Conference Notes

Collaborative Technologies Conference, Day 1

As a member of the Advisory Board for the Collaborative Technologies Conference 2006 in Boston, as well as the Track Chair for 11 of the sessions (which means I designed them and found great moderators and speakers to work them), I have “lived” CTC every day for the last 6 months. It has been really really difficult this week, then, to know that CTC is on in Boston and I’m not there. As an offset to that difficulty, however, is hearing through the blogs, by email and IM that people are finding it great.

Coverage of my Sessions from Day 1
Larry Cannell, IT Researcher at Ford Motor Company, moderated a panel on Calendaring. Yori Nelken, CEO of TimeBridge, was one of the speakers, and shares his impressions at the TimeBridge blog. Other speakers were Nathaniel Borenstein from IBM, John Robb of Zimbra, Gary Schwartz from RPI representing CalConnect, and Fran Rabuck from Airena. Alan Lepofsky wasn’t on the panel, but attended the session and shares his thoughts.

The Enterprise Collaboration Architectures track included three sessions:

  • Microsoft vs. Lotus: Comparative Analysis, presented by Peter O’Kelly and Mike Gotta from the Burton Group. Peter was happy with how it went. Alan Lepofsky (from IBM) was too. When I reviewed Peter and Mike’s slides in advanced of CTC, I told them both how impressed I was with their ability to communicate the essential points of both players as well as the points of difference. Well done again to the two of you.
  • Alternative Enterprise Collaboration Options, moderated by Mike Gotta, and with speakers from Adobe, Traction, SiteScape, Parlano and BEA Systems.
  • Open Source Collaboration Architecture for the Enterprise, moderated by Stephen O’Grady from Redmonk, and with speakers from Enomaly, CIGNEX, Zimbra and Alfresco. Alan Lepofsky has details.

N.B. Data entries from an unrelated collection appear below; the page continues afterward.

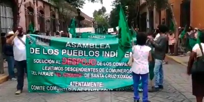 Exigen reubicación STAFF NVI|Lun, 07/27/2020 – 11:29. Familias y habitantes de Lomas de Quio, Xoxocotlán se movilizaron con pancartas hacia Avenida Juárez para manifestarse frente a la Casa Oficial de Gobierno de la Ciudad de Oaxaca. Los pobladores protestaron ante el desalojo que sufrieron en las faldas del cerro de Monte Albán en la comunidad de Santa Cruz Xoxocotlán, por lo que exigieron al gobernador de Oaxaca, Alejandro Murat la reubicación en los terrenos que les habían prometido. Entre las pancartas se podían apreciar demandas de las cuales destacaban “La…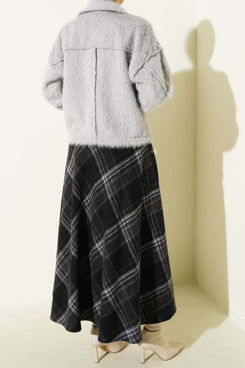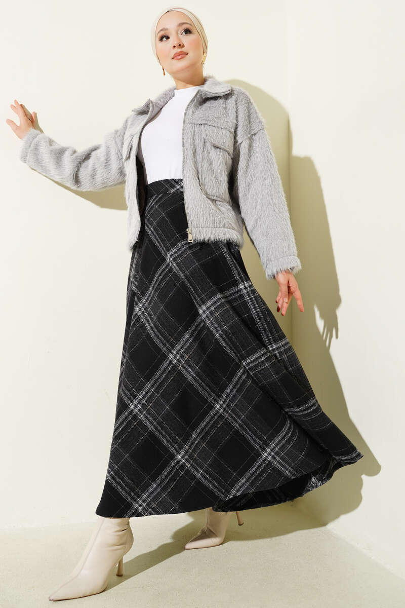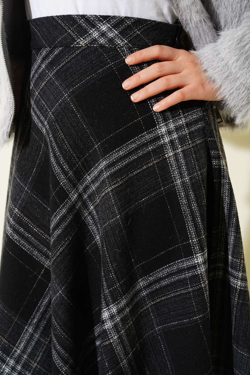 Ekose Desenli Kloş Kaşe Etek Lacivert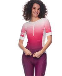 Our SPIN collarless road cycling jersey lives up to its name as it will turn heads, in addition to being practical with its versatile pockets, quick-drying fabric, and integrated sun protection.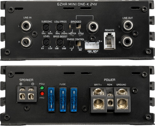 GZHA mini-amplifiers are representign latest D-class technology that is also used in OEM-amplifiers. Main difference to traditional D-class is much better sound quality throughout whole bandwith. It is impossible to say in a blind test that are you listening to good AB-class amp or GZHA mini-amplifier. - High-efficient class D amplifier to 24V systems |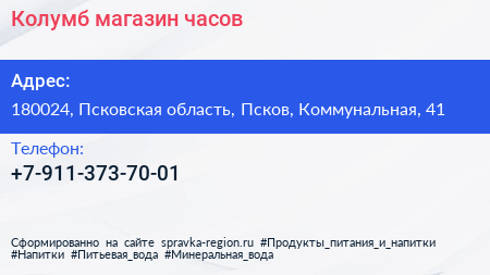 Колумб, магазин часов по адресу 180024, Псковская область, Псков, Коммунальная, 41 в дальнейшем Организация, размещена в следующих категориях: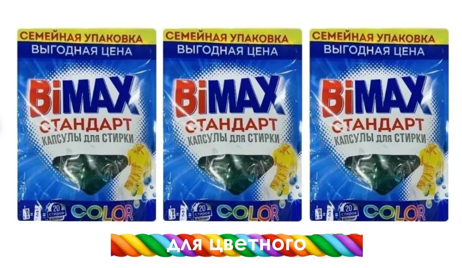 Используйте капсулы Bimax Color только для стирки цветной одежды.
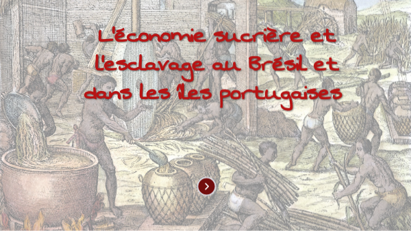 Quelques questions pour vous aider : 1) Comment s'organise l'économie sucrière au Brésil ? 2) Quelles sont conséquences de l’économie sucrière sur l’économie du Portugal ?3) Pourquoi fait-on appel à des esclaves d'Afrique pour produire le sucre ? 4) Comment s'organise la traite transatlantique ? (qui vend les esclaves, contre quoi sont-ils échangés, comment sont-ils transportés...)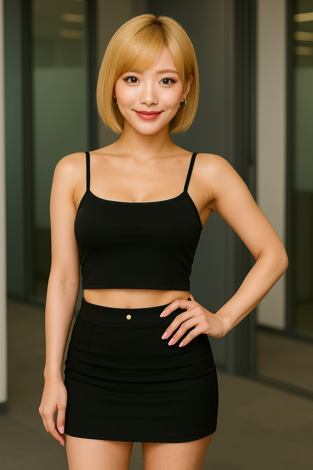 にっこりと微笑む玲奈。黒のキャミソールとタイトスカートというオフィスでは異彩を放つ姿なのに、不思議と嫌味がなく、むしろ自信に満ち溢れていて格好いい。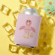 Ce fantastique peut refroidir dispose d'un dessin mignon d'un poussin rose. Le poussin a un ventre rose pâle et des ailes roses foncées et la tête avec un bec et des pieds jaunes. À côté de la poussette se trouve un petit oeuf. Il y a du texte personnalisable pour que vous puissiez personnaliser ce design avec l'âge et le nom du destinataire.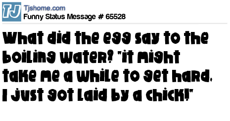 - # 62758 Like the egg said to the boiling water...It's going to take me a few minutes to get hard, I just got laid last night. Cluck cluck cluck cluck.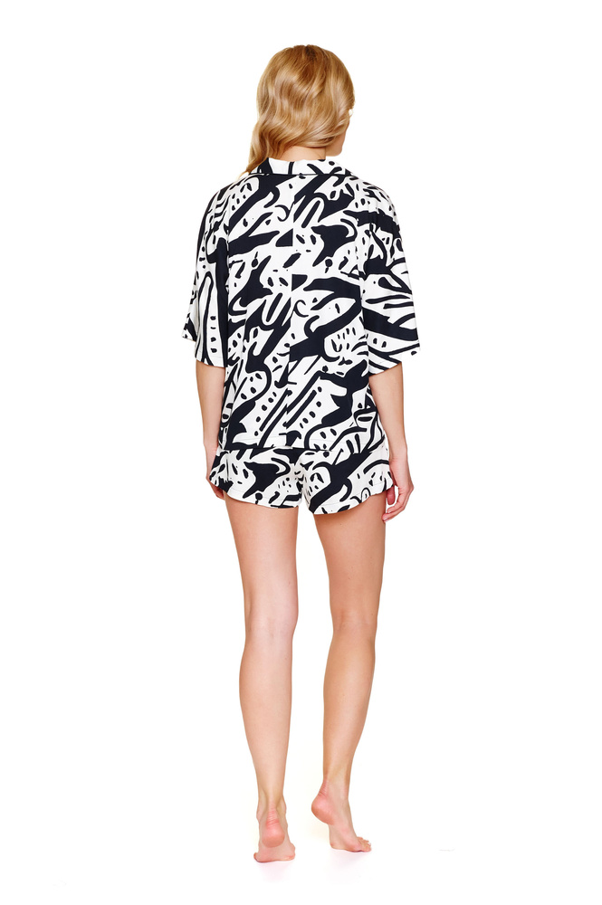 Piżama damska Doctor Nap 7310 z kolekcji La Palma to idealne połączenie wygody i nowoczesnego designu. Komplet składa się z przewiewnej koszuli zapinanej na guziki i krótkich spodenek. Geometryczny, czarno-biały wzór nadaje całości unikalnego charakteru.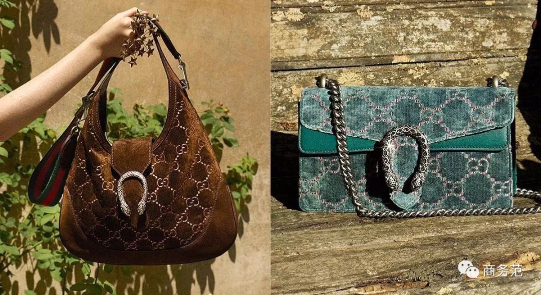除了致敬经典(也可能是设计师偷懒),Gucci在老花上也有一些创新之处,比如与麂皮绒相结合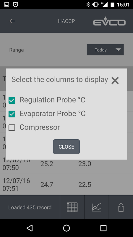 저전력 블루투스를 통해 호환 EVCO 컨트롤러에 연결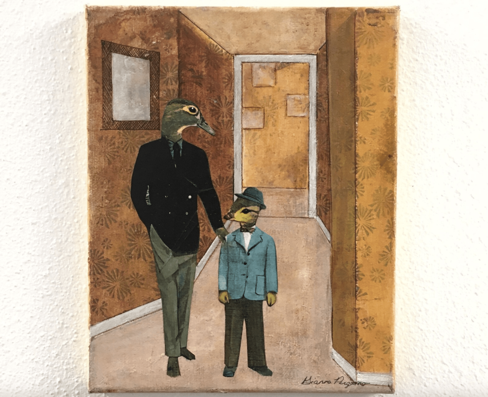 This is an original mixed media piece, created by Gianna Pergamo. It features two male ducks in an office space. The media includes collage, acrylic, and pen on canvas. The canvas is 8×10,” half an inch deep, and the canvas edges are painted. This could hang on your wall as-is, unless you prefer to frame it.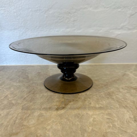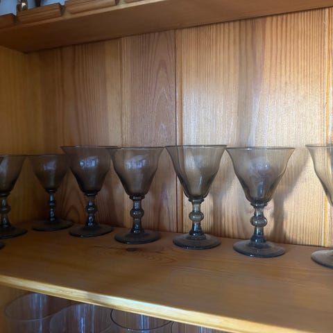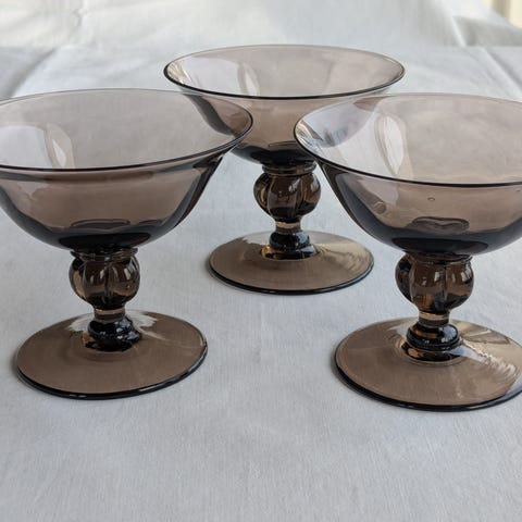 Røgfarvet drikkeglas. Serien hedder vist nok Primula. De fremstår flotte og intakte. De måler cirka 9 cm høje.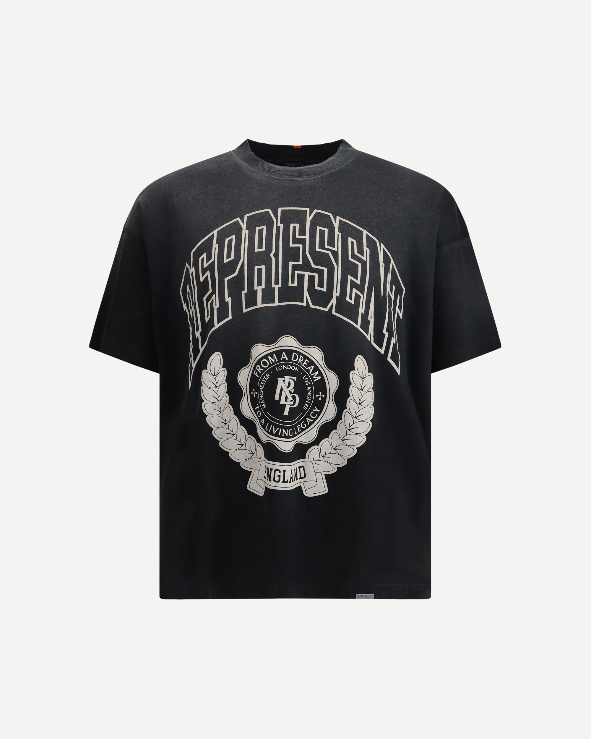 The Legacy Crest T-shirt by Represent is a short-sleeved design crafted from soft cotton, featuring a bold crest motif and a collegiate-style print that evoke a sporty, confident aesthetic. The England lettering on the front completes the look with an iconic, contemporary edge. DETAILS - Sku: MLM100170_STAINEDBLA - Season: AW25 - Fit: Oversize - Composition: GENERAL 100% Cotton - MADE IN PORTUGAL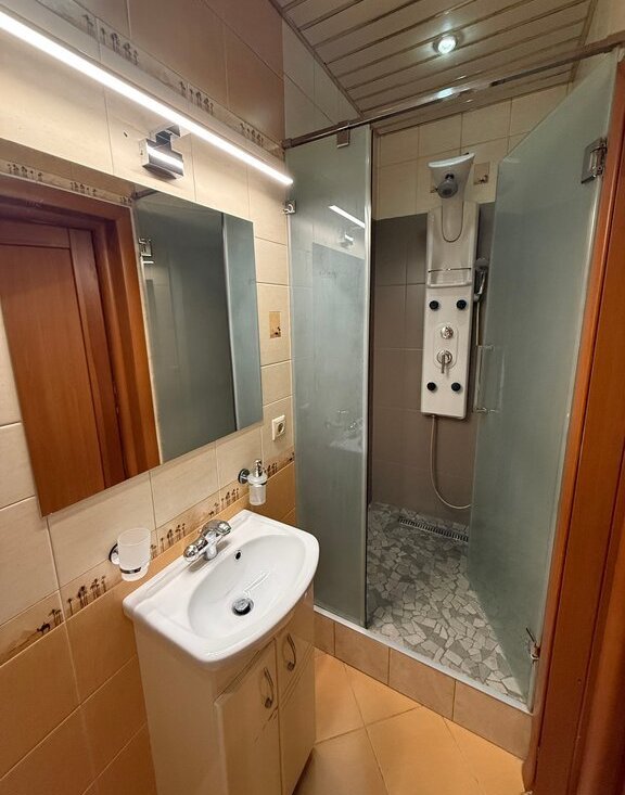 Есть 2 лоджии и 1 балкон. Два санузела (Ванная + туалет и душевая кабинка + туалет). Есть Гардеробная. Квартира расположена на 7 этаже 7 этажного кирпичного дома, сверху полноценный тех.этаж.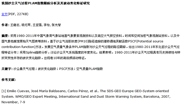 采用1980-2011年中国气象局气象站地面气象要素观测资料以及高空大气探空资料,时间和空间加密气象观测站资料,以及中国气象档案馆原始天气图表等资料,基于沙尘气溶胶浓度(PM10)路经追踪的潜势源地贡献函数PSCF(Potential source contribution function)方法,发展空气质量气象条件PLAM指数对沙尘天气过程的路径跟踪,给出1980-2011年东北亚沙尘天气过程特征分布;采用Spline趋势分析,讨论沙尘天气系统强度的年度变化。结果表明,1980-2011年沙尘天气过程具有历史持续性与转折突变性并存的波状变化趋势,出现准10年的高低频活动特征。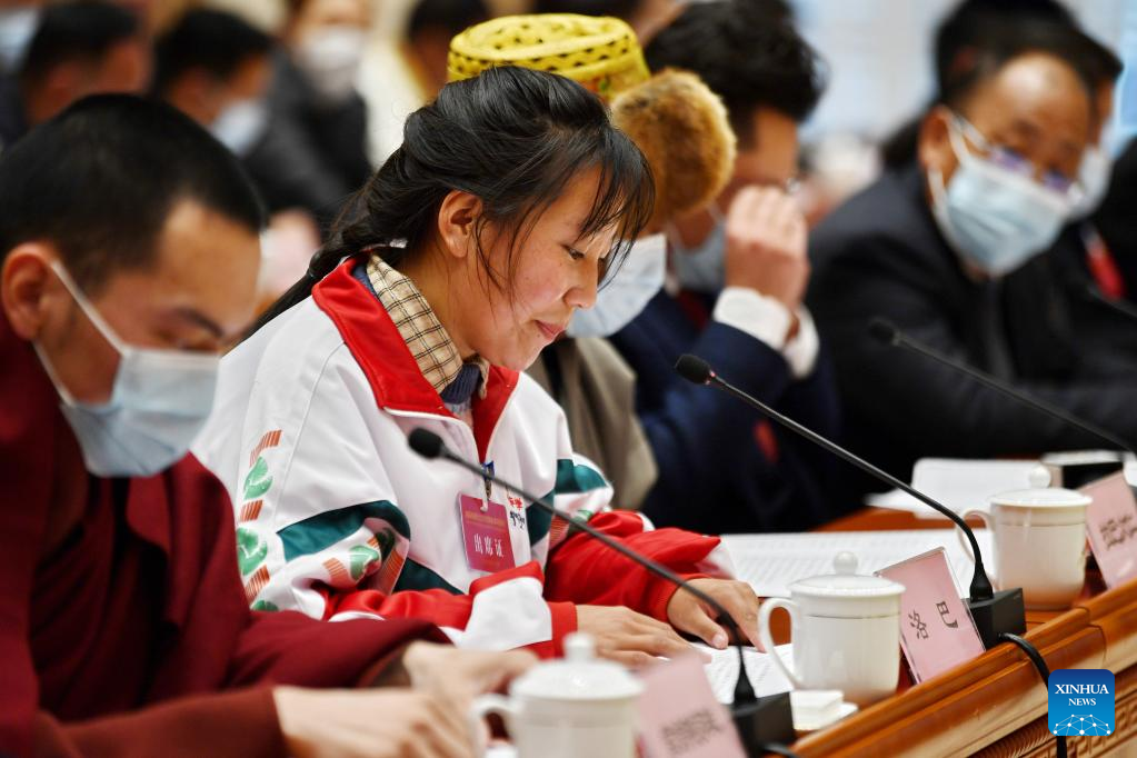 A high school student (2nd L) speaks during a symposium marking the 15th Serfs' Emancipation Day in southwest China's Tibet Autonomous Region, March 28, 2023. The 15th Serfs' Emancipation Day falls on Tuesday. (Xinhua/Zhang Rufeng)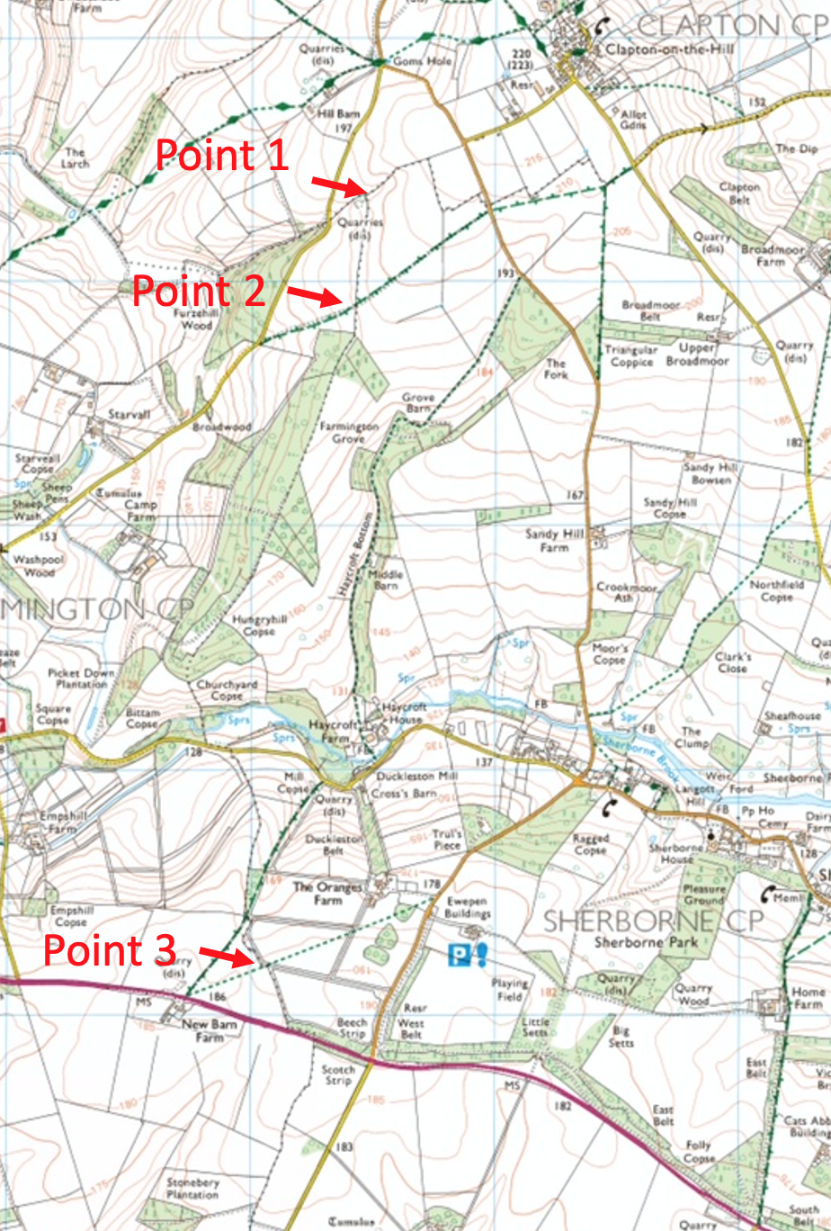 Anglo Saxon administrative areas, known as “Hundreds,” were defined between approximately 500 and 1100 AD. While some historians suggest that a “Hundred” could encompass one hundred farmsteads, this might be an oversimplification. Imagine a “Hundred” as between the size of a parish and a county, potentially containing half a dozen parishes or more. I’ll delve deeper into the administrative functions of a “Hundred” in a future post. For now, let’s focus on the boundary definitions. The western and southern parish boundaries of Sherborne are part of a “Hundred” boundary. This boundary starts just west of Clapton and runs south along Haycroft Farm, across the Brook, reaching the west of Oranges Farm before intersecting the A40. It then descends the side of the old deer course to Lodge Park. The “Hundred” boundary then continues eastward, almost reaching Windrush Camp. Considering the gift of Sherborne to Winchcombe Abbey in 811 AD, we can reasonably assume that this part of boundary dates back to at least that era. It’s possible the rest of the Parish boundary, to the East, has a similar age or it could be later.

Thank you to everyone in my sessions who did such a great job of speaking and discussing these topics. I’m proud of you all.

Coverage of Other Sessions
John Seely Brown talked about the Future of Collaboration. Stowe Boyd, Ross Mayfield, Steve Borsch and Lars Ploughmann share their impressions.

Mike Rhodin, GM at IBM for Notes/Domino gave one of the keynotes on Day 1. Ross Mayfield, Stowe Boyd and Lars Ploughmann have notes. Ed Brill wasn’t there, but shares his response to some of the blog posts.

Matthew Glotzbach, head of Enterprise Products at Google talked on Consumer lessons for business collaboration. Ross Mayfield writes:

He says we are moving from the office worker (1950-1980s) to knowledge worker (1980s-1990s) to self-directed innovator (21st century). These innovators need talent, direction and information (ideally photographic memory, your company’s collective wisdom and the world’s information). They are not process driven, collaborates with a broad network of friends and colleagues, has intermingled personal and work lives, needs information when not at her desk, does not spend mjority of time in a single application and tends not to be patient.

Lars Ploughmann has a mindmap.

Jeffrey Stamps and Jessica Lipnack talked about Collaborating in the networked organization. Lars Ploughmann has a mindmap with his notes

Jason Fried from 37signals talked on Agile Collaboration. Key points from Lars Ploughmann: keep your teams small, keep them apart, and make tiny decisions.